» **Directions for this task**
Repeat the listing below in full and exactly, but without its pictures.

» **The data**

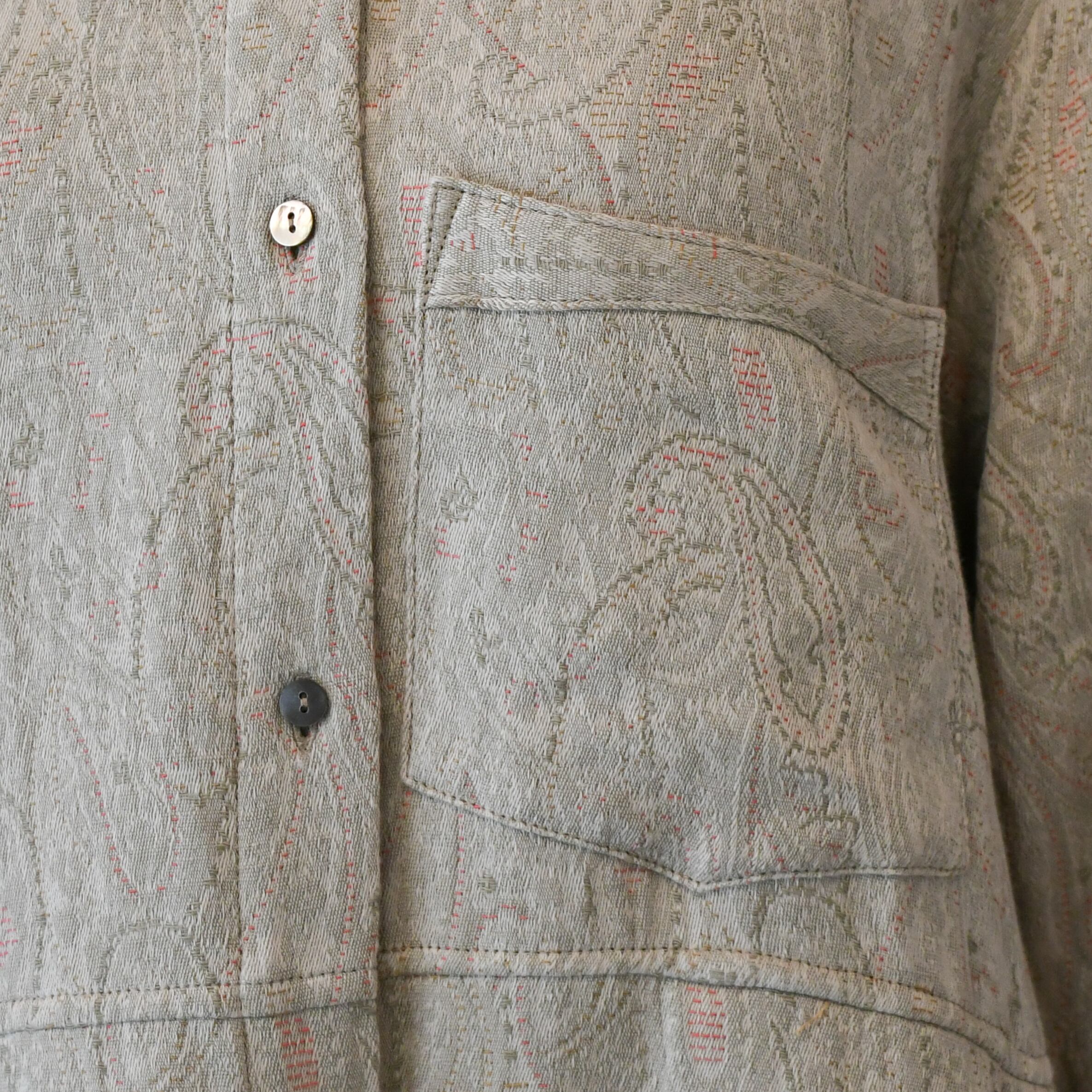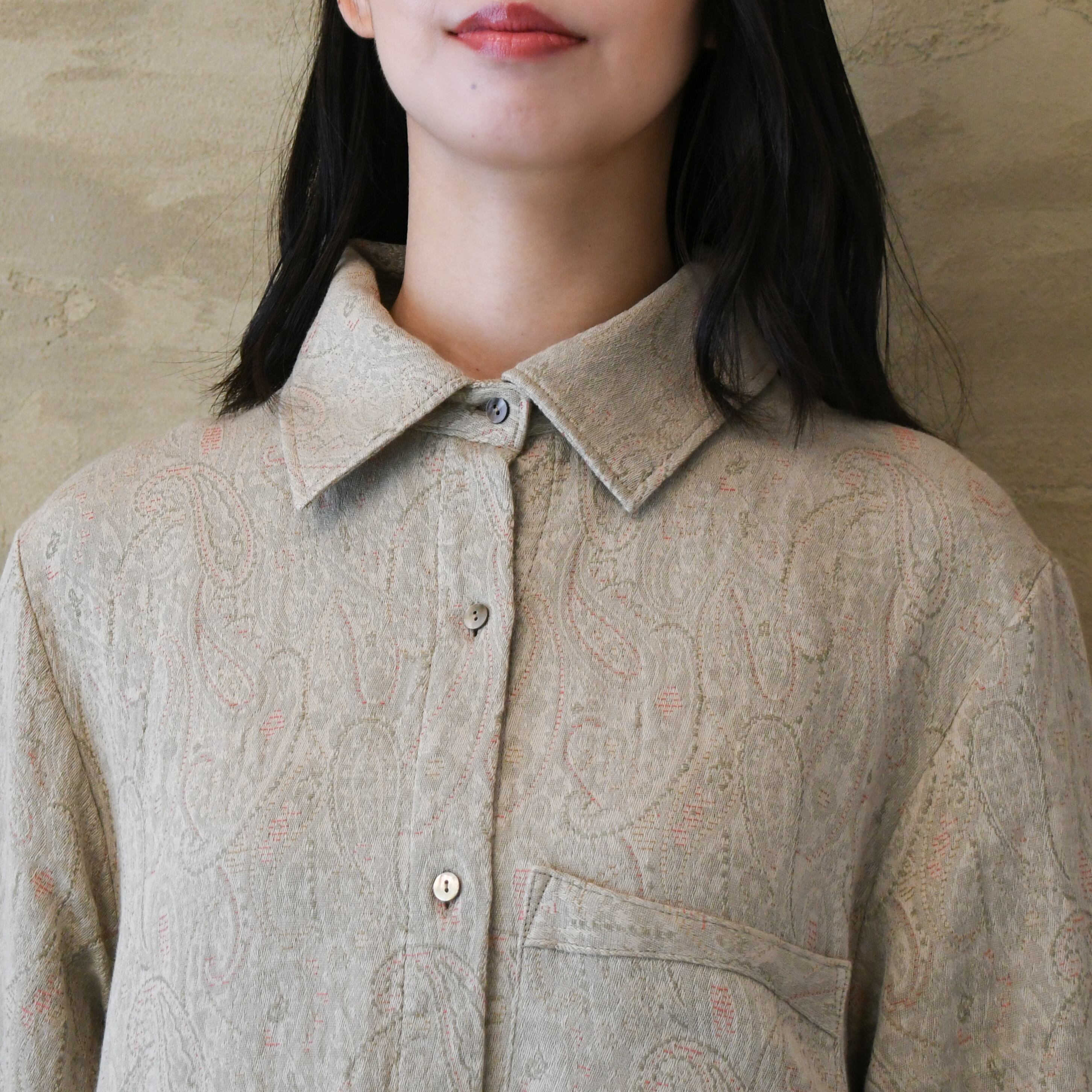 落ち着いた色合いのベージュ生地は、ジャガード織りでペイズリー柄が描かれています。
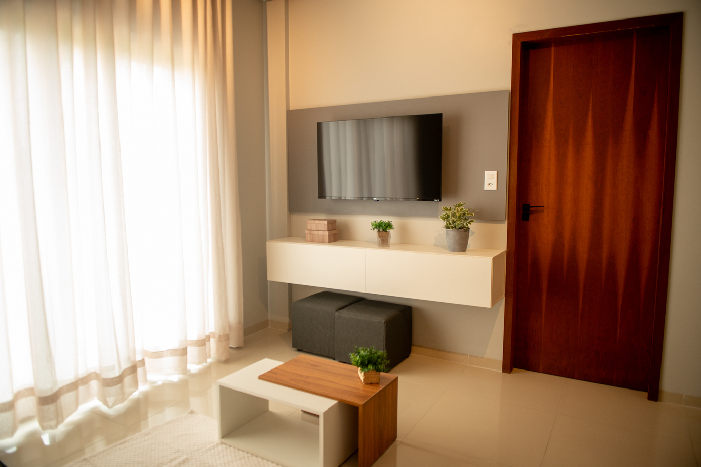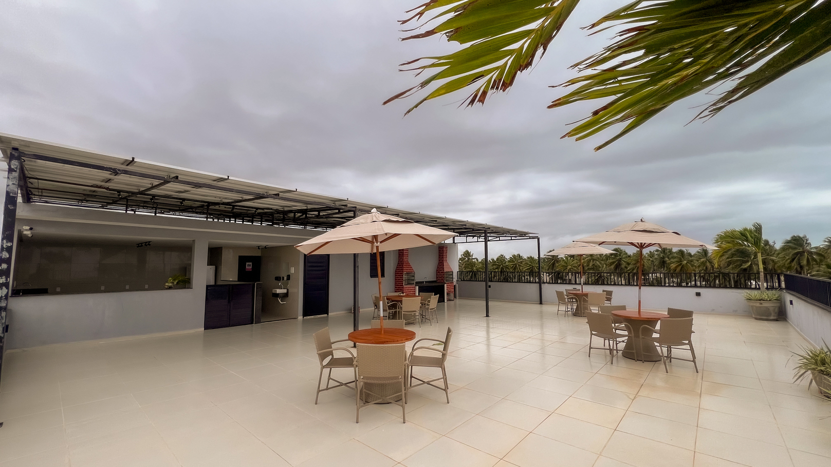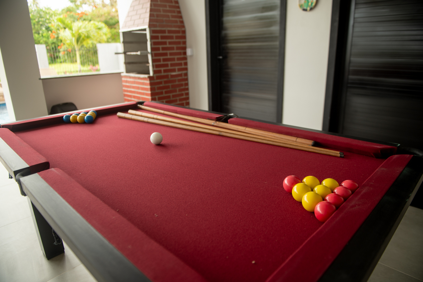 - Área de lazer com piscina, churrasqueira, espreguiçadeiras, Smart TV e salão de jogos
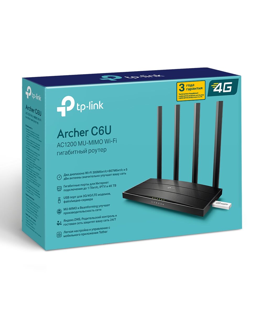 Маршрутизатор TP-Link Archer C6U MU-MIMO Wi-Fi Gigabit Router, 4UTP 1000Mbps, 1WAN, 802.11b/g/n/ac, 867Mbps

» **Worked solution**
 落ち着いた色合いのベージュ生地は、ジャガード織りでペイズリー柄が描かれています。
 - Área de lazer com piscina, churrasqueira, espreguiçadeiras, Smart TV e salão de jogos
 Маршрутизатор TP-Link Archer C6U MU-MIMO Wi-Fi Gigabit Router, 4UTP 1000Mbps, 1WAN, 802.11b/g/n/ac, 867Mbps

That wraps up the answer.